I'm looking for pullup advice.

I've worked up to 5x5 in chinups on a twice per week schedule and thought I'd start working on pullups. After several workouts, I'm still doing singles on the pullups. Twice per week, after a warmup set of chins, I'll do around 8 or 10 singles in the pullup and it doesn't seem to be getting easier.

Is there a program or approach to use for someone at my level?

Thanks.
 
Chris, it would be great to see video of both your chinup and your pullup.

Here's a thing to try: do a few easy chinups to warm up, then add a little weight and do a few singles. Work up to something moderately challenging but still not difficult. If you can do 5 x 5, you can likely hit bw + 10-15 lbs. without straining for a single.

Rest 5 minutes.

Try pullups, bw-only, and see if you can get two or three in a single set.
 
Steve,

I tried what you suggested. After a warmup set, I did some chinup singles working up to 20 pounds (that feels like a lot of weight when it's in the pockets of your shorts).

After a five minute rest I was able to do a set of three pullups! On the third rep I could feel my left shoulder coming up toward my ear but it felt much easier than my last workout on Sunday. Then I did a few more singles and doubles to finish off and it felt pretty good.
 
Chris, congratulations on your triple pullup!

And welcome to the world of empirical knowledge - I couldn't tell you all the reasons why that works (probably a few, though) but I was pretty sure it would work for you.

One of the reasons why is that doing a little weighted work, even if it's not exactly the same thing, literally makes you stronger - you did a single with more weight than you'd done before so your 1RM, as tested in the real world, went up. And it will make bw-only feel easier because, in part, you know it's only a percentage of what you're capable of.

Sometime try adding a little weight to your single pullups as well.

What are you training for? Max reps @ bw for a TSC or a heavier 1RM or something else?

Again, congratulations on what I assume is a PR for you.

-S-
 
You probably need some assistance work in addition to the pull-ups. Check out my simple "First Pull-up" program for some ideas on assistance work and then the "25 Pull-ups" program. We used and tested both extensively with lots of Midshipmen at the US Naval Academy. Both worked well. You will find them here:

25 pull-ups: http://prevost-training.blogspot.com/2014/03/25-pull-ups.html
First pull-up: http://built-to-endure.blogspot.com/p/first-pull-up-training-plan.html
 
Chris, you've got Mike's programs above - thank you, Mike - and there are others that have been posted here, both on the forum and in the blog.

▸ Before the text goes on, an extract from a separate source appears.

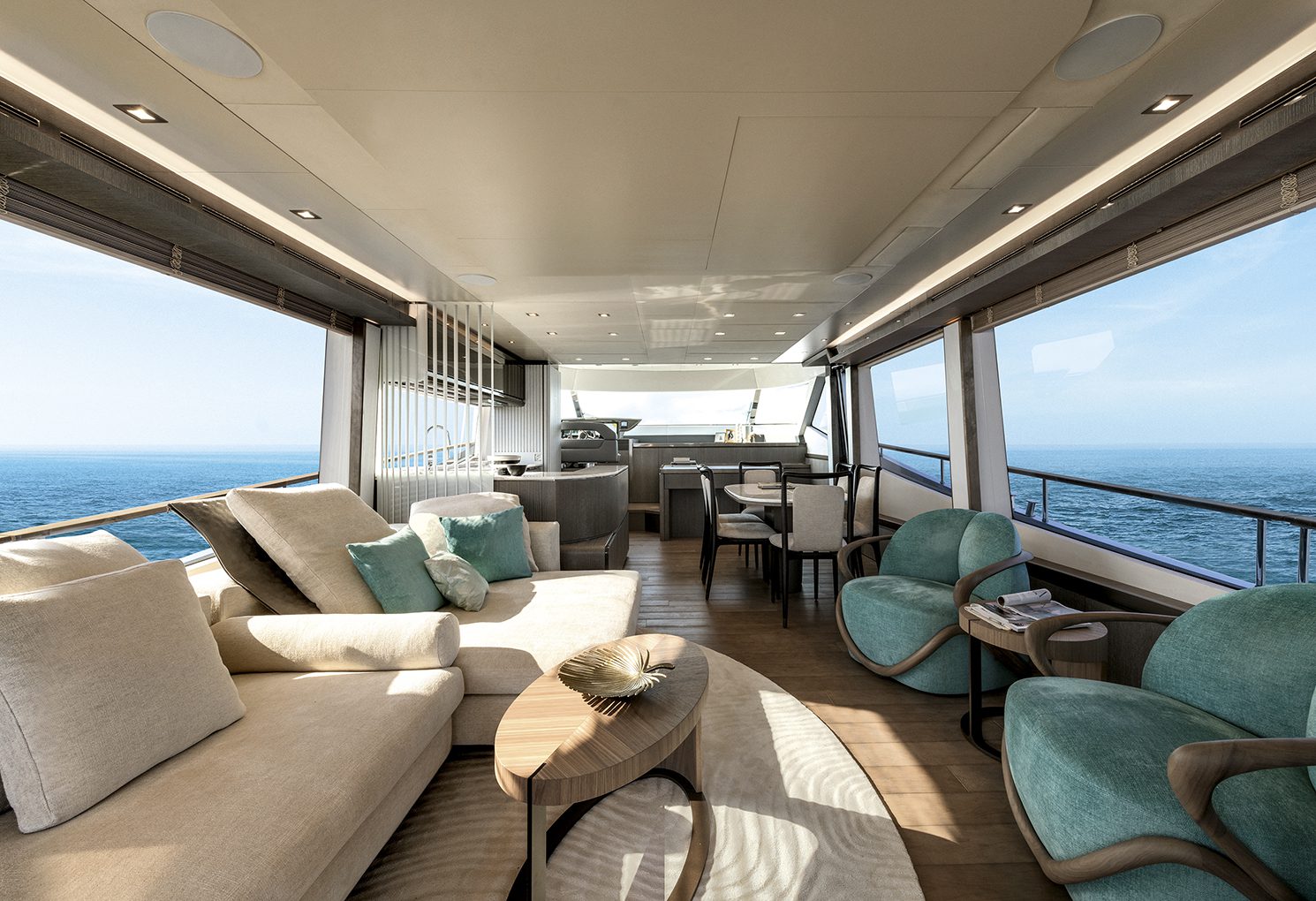Il nome – MCY 76 – è lo stesso del modello che nel 2010 fece la sua comparsa in anteprima mondiale a Venezia. Dopodichè, qualsiasi altra similitudine la si può cercare solo nella qualità della progettazione, dell’ingegnerizzazione e dei processi costruttivi. Ci troviamo infatti di fronte a un’idea profondamente diversa: quella che presiede alla costituzione della nuova serie Vision di Monte Carlo Yachts. Dunque eleganza, design ricercato ma allo stesso tempo funzionale, ottime qualità marine dovute a una carena che garantisce una navigazione fluida e confortevole sia in assetto dislocante – laddove si coniugano velocità di tutto riposo e un’eccellente autonomia – sia in assetto planante.

Mike Perry posted something a few weeks ago, if memory serves, although I think that was more for increasing 1RM than for increasing reps @ bw-only.

Google searches this site very nicely try

fighter pullup program site:strongfirst.com

as a Google search, and then try other searches, e.g., on just "pullup" or "pullup program" and you'll find plenty to read.

-S-
 
Steve,

It seemed to work well. I think I'll start including that in my regular workouts. It's like going heavier with a familiar exercise primes the muscles for the next exercise. And I admit that I like how it mixes things up a little. You get to use different grips, both weighted and unweighted, singles and multiples. It makes the workout a little more fun.

I'm not training for a particular thing, just to get stronger and improve shoulder function. And to climb things more easily. Not that it comes up very often but I used to be good at climbing things in my youth and losing that has been hard on the ego.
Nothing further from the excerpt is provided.